Backing up a level, the purpose of the protocol extension mechanism is
to help us agree on the communication protocol -- that is, the set of
messages that we can send and receive on a certain connection. The
question for the protocol extension mechanism isn't "which types
should always be sent in binary format?" but "would it be ok if I
wanted you to always send certain types in binary format?", with the
idea that if the answer is yes it will still be necessary for the
client to let the server know which ones, but that's easy to do if
we've agreed on the concept that it's OK for me to ask the server for
that. And if it's OK for me to ask that once, it should also be OK for
me to later ask for something different.

This could, perhaps, be made even more general yet. We could define a
concept of "protocol session parameters" and make "which types are
always sent in binary format?" one of those parameters. So then the
conversation could go like this:

C: Hello! Do you know about protocol session parameters?
S: Why yes, actually I do.
C: Cool. I would like to set the protocol session parameter
types_always_in_binary_format=timestamptz. Does that work for you?
S: Sure thing! (or alternatively: Sadly, I've not heard of that
particular protocol session parameter, sorry to disappoint.)

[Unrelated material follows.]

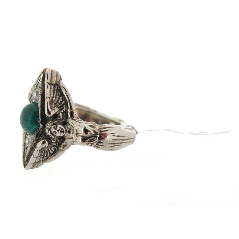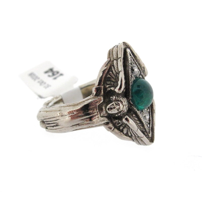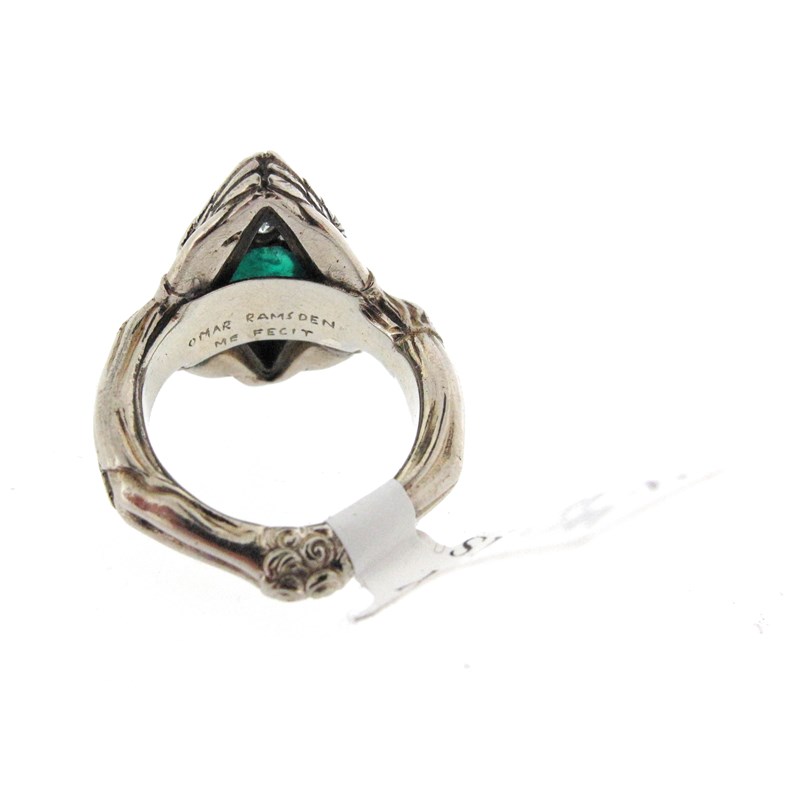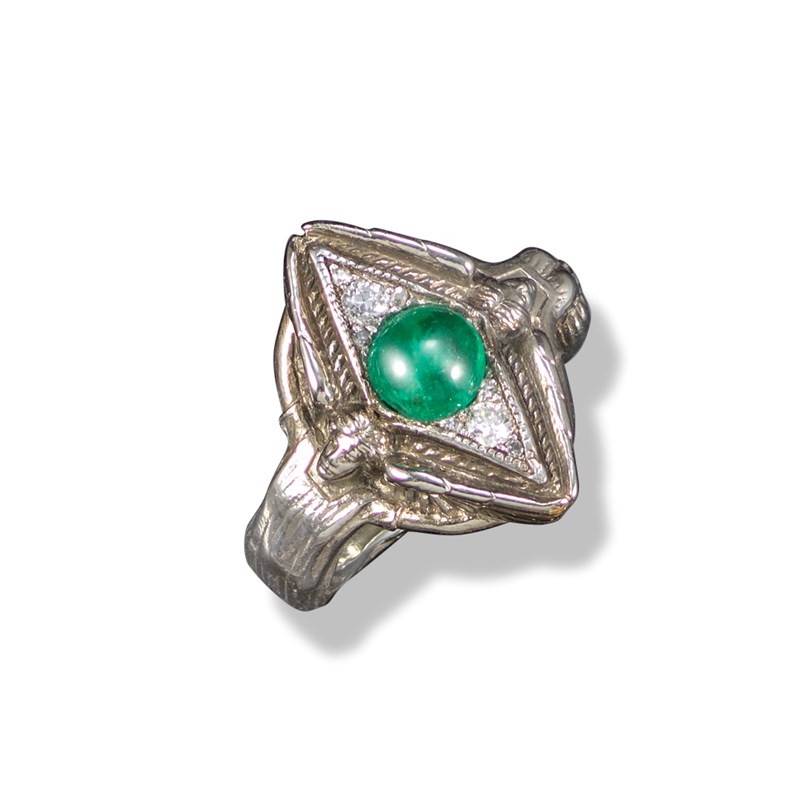 A lozenge-shaped white gold ring by Omar Ramsden, c1925, set with an emerald cabochon and two diamonds within white gold lozenge border held on the outstretched arms of two winged deities, their legs extending to form the architectural-style hoop with scroll embossed back, polished inner plate engraved 'OMAR RAMSDEN ME FECIT', size N

The reason why I suggest this is that I feel like there could be a
bunch of things like this. The set of things to be sent in binary
format feels like a property of the wire protocol, not something
SQL-level that should be configured via SET.  Clients, drivers, and
connection poolers aren't going to want to have to worry about some
user screwing up the session by changing that property inside of a
function or procedure or whatever. But there could also be a bunch of
different things like this that we want to support. For example, one
that would be really useful for connection poolers is the session
user. The pooler would like to change the session user whenever the
connection is changed to talk to a different client, and it would like
that to happen in a way that can't be reversed by issuing any SQL
command. I expect in time we may find a bunch of others.

--
Robert Haas
EDB: http://www.enterprisedb.com



Re: Request for comment on setting binary format output per session

From
Jeff Davis
Date:
On Mon, 2023-04-17 at 12:17 -0400, Robert Haas wrote:
> In the case at hand, it seems like the problem could easily be solved
> by allowing the property to be changed after connection startup.
> Instead of using the protocol extension mechanism to negotiate a
> specific value for the property, we can use it to negotiate about
> whether or not some new protocol message that can be used to change
> that property is supported.

...

> Backing up a level, the purpose of the protocol extension mechanism
> is
> to help us agree on the communication protocol

Thank you, that seems like a better approach to me.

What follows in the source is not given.